His life, too, was filled with the sort of incidents and details that fuel a legend. There was the ear, of course, but also the hints of madness, drinking, and commercial failure that so many look for, perversely, in their artists. When he died in 1890 after shooting himself in the chest, his fame was still yet to come.

This week at the Berkshire Museum’s Little Cinema, Dorota Kobiela and Hugh Welchman’s film Loving Vincent explores both the art and the man behind it with a visually stunning twist. A feature-length painted animation done in Van Gogh’s own iconic style, the film is an immersive look at the life, death, and work of a singular artist. To tell their tale, Kobiela and Welchman employed over a hundred artists, who created over 65,000 oil paintings based on film frames from live action footage — actors would perform on sets designed to look like particular Van Gogh paintings, and artists would then paint over the individual frames, mimicking Van Gogh’s brushwork, before the final, painted, frame was rephotographed.

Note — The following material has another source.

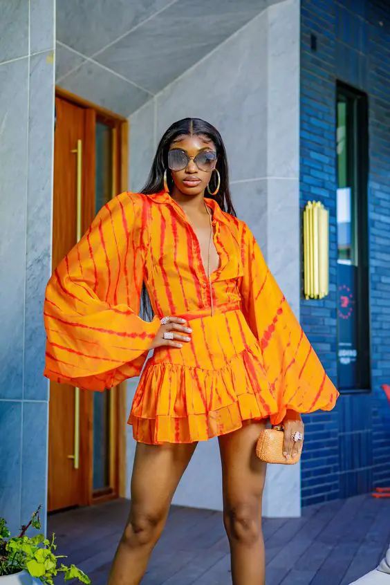 Ця яскрава помаранчева сукня з ефектними деталями на рукавах відтворює літні веселощі та витонченість. Це фантастичний вибір для сміливих заяв на літніх вечірках або звичайних прогулянках.

It’s a breathtaking amount of work, and it’s clear that everyone involved has a deep appreciation of the artist.

The plot is not quite as daring or innovative: set a year after Van Gogh’s death, it turns his suicide into something of a murder mystery. When a postman discovers an undelivered letter, written by Vincent and meant for his brother Theo, he sends his son to deliver it. When he arrives, he discovers that Theo, too, is dead, and as he starts to make inquiries he begins to think that the suicide might actually have been something more complicated.

Loving Vincent marks the film debut of theater actor Robert Gulaczyk — he is Van Gogh here — and also features Saoirse Ronan (Lady Bird) as Marguerite Gachet, the daughter of Van Gogh’s doctor and one of the artist’s models. It’s likely though that viewers will be too entranced by the technique of the film to take too much note of the performances that underpin it — and that’s okay. Here, like with so much art, it is the shock of the unexpected visual that first draws us in.

Loving Vincent, Jan. 19-22, 7 p.m., Berkshire Museum’s Little Cinema, 39 South St., Pittsfield.

 

Also this week: another artist gets an unusual film treatment in Chagall-Malevich, coming this Sunday to the Yiddish Book Center in Amherst. Inspired by the memoirs of Russian Jewish artist Marc Chagall, writer/director Alexander Mitta’s film mixes truth and folklore to tell the story of Chagall’s return to Vitebsk, his childhood home. There, he falls in love (again) with Bella Rosenfeld and trades barbs with his artistic and academic sparring partner Kazimir Malevich, who wants to pit his abstract style of Suprematism against Chagall’s warmer, humanist, art. In some of the films most engaging scenes, the onscreen action morphs, Loving Vincent style, into a Chagall-esque wonderment, reminding viewers that if we keep our minds open to the possibility, art is all around us.

Chagall-Malevich, Jan. 21, 2 p.m., Yiddish Book Center, 1021 West St., Amherst.